Десять (СИ) - Романова Наталия. Страница 39

— Ты ведь сам настаивал на этой школе! — вскинулась Юля.

— Было актуально на тот момент, сейчас — нет. Парень смышлёный, не спортсмен. Его все любят, конечно, никто его не отчислит за мои заслуги, но мужчине нужны свои. Победы Ким достигнет на другом поприще.

— Ты ему это сказал? — Юля в ужасе посмотрела на Симона.

— Он взрослый парень, должен реально смотреть на вещи. Я всегда знал, что стану тем, кем стал, Ким себя в спорте не видит. К тому же, откровенно говоря, учился я всегда дерьмово, хулиганил, для меня спорт в любом случае был выходом, но это вариант не для Кима. Я — это я, Ким другой. Пора ему это признать, начать, наконец, слушать свою мать, — развёл руками Симон.

— И как он? Что ответил? — вздохнула совершенно растерянная Юля.
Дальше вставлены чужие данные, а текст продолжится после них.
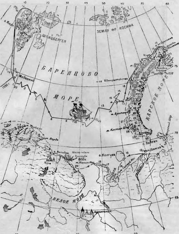 Суда Баренца. Из «Морского дневника» Де-Фера, 1598 год. Баренц (Barents, Barendsz) Виллем (ок. 1550–1597), голландский мореплаватель, исследователь Арктики. В арктических водах совершил три плавания – в 1594, 1595 и 1595–1597 годы. В 1596 году открыл вторично (после русских поморов) острова Медвежий и Западный Шпицберген. После зимовки в Ледовой Гавани на северо-восточном берегу Новой Земли на пути домой в июне 1597 года скончался. Спустя год были опубликованы записки участника этого похода Геррит де Фера, получившие всемирную известность (изданы на русском языке в 1936 году). Баренц первым нанёс на карту практически все западные (1500 км) и севарные (50 км) берега Новой Земли, а также короткие участки её восточного (100 км) и южного (50 км) побережий. Ежедневные записи Баренца о погоде очень долго (в течение нескольких веков) оставались единственными материалами, характеризующими климат северной части Новой Земли. Именем Баренца названы море, один из островов в архипелаге Шпицберген, российский посёлок на Шпицбергене и острова у западного побережья Новой Земли. Современная иллюстрированная энциклопедия. География. Росмэн-Пресс, М., 2006.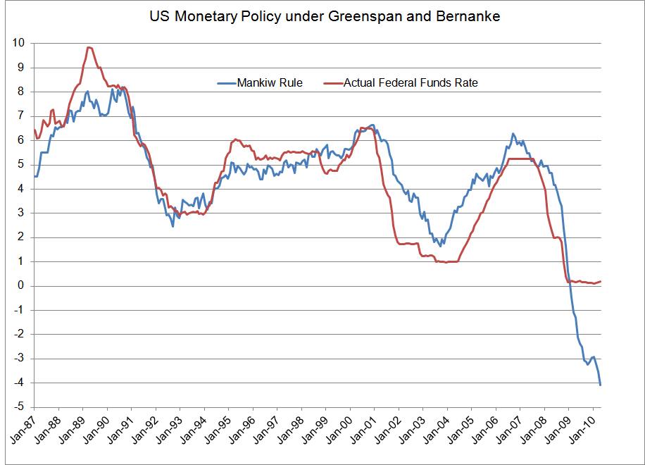 Parsimony suggests that a good Taylor rule should have 3 characteristics: it should be as simple as possible; it should use robust, easily defined, and well-known measures of slack and inflation; and it should fit reasonably well to past monetary policy. Also, to have credibility, such a rule should have “stood the test of time” to some extent: it should fit reasonably well to some subsequent monetary policy experience after it was first proposed. The Mankiw Rule has all these characteristics. It uses the unemployment rate and the core CPI inflation rate as its measures, and it applies the same coefficient to both. This setup leaves it with only two free parameters, which Greg set in a 2001 paper (pdf) so as to fit the results to actual 1990’s monetary policy. As you can see from the chart below, the rule fits subsequent monetary policy rather well, although policy has tended to be slightly more easy (until 2008) than the rule would imply.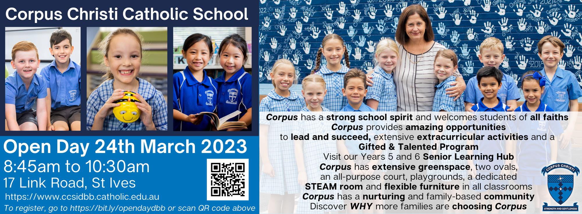 WELCOMING students and families of all backgrounds, cultures and religions. Corpus is a school with a strong spirit, a nurturing and welcoming community, and amazing opportunities to lead and succeed. Corpus Christi hosts open days throughout the year, with the next Open Day scheduled for Friday 24th March 2023 - running from 8:45am to 10:30am. The open day is a structured morning to provide meaningful insight into the school, including a tour of our extensive grounds and classrooms, as well as an opportunity to meet the Principal, teachers, learning specialists, students and other families. Big enough to matter, yet small enough to care, Corpus is the perfect choice for your child.

Для неё Ким был ребёнком, а не «мужчиной, которому необходимы собственные заслуги».

— Сказал: «Ладно, подумаю».

— И всё?

— Чего ты ожидала, Юль? Парню не хватает общения со сверстниками. Дом вдали от города, ты его одного не пускаешь никуда, и только поэтому он хочет в интернат. Плавание совершенно не причем. Он сам это прекрасно понимает, но друзья ему необходимы.

Через пару часов, когда стол был заставлен мисками, тарелками, ёмкостями со снедью, Симон не выдержал тишины, которая последовала за коротким разговором по поводу Кима. Устал от нервных и одновременно размеренных движений бывшей жены.

— Может, ты перестанешь мельтешить, расскажешь, что случилось? — одернул он Юлю.

— Ничего, — огрызнулась та.

— Врать мне не надо. Я с тобой не один год прожил, к добру ты столько не готовишь. Роту голодных новобранцев на ужин позвала?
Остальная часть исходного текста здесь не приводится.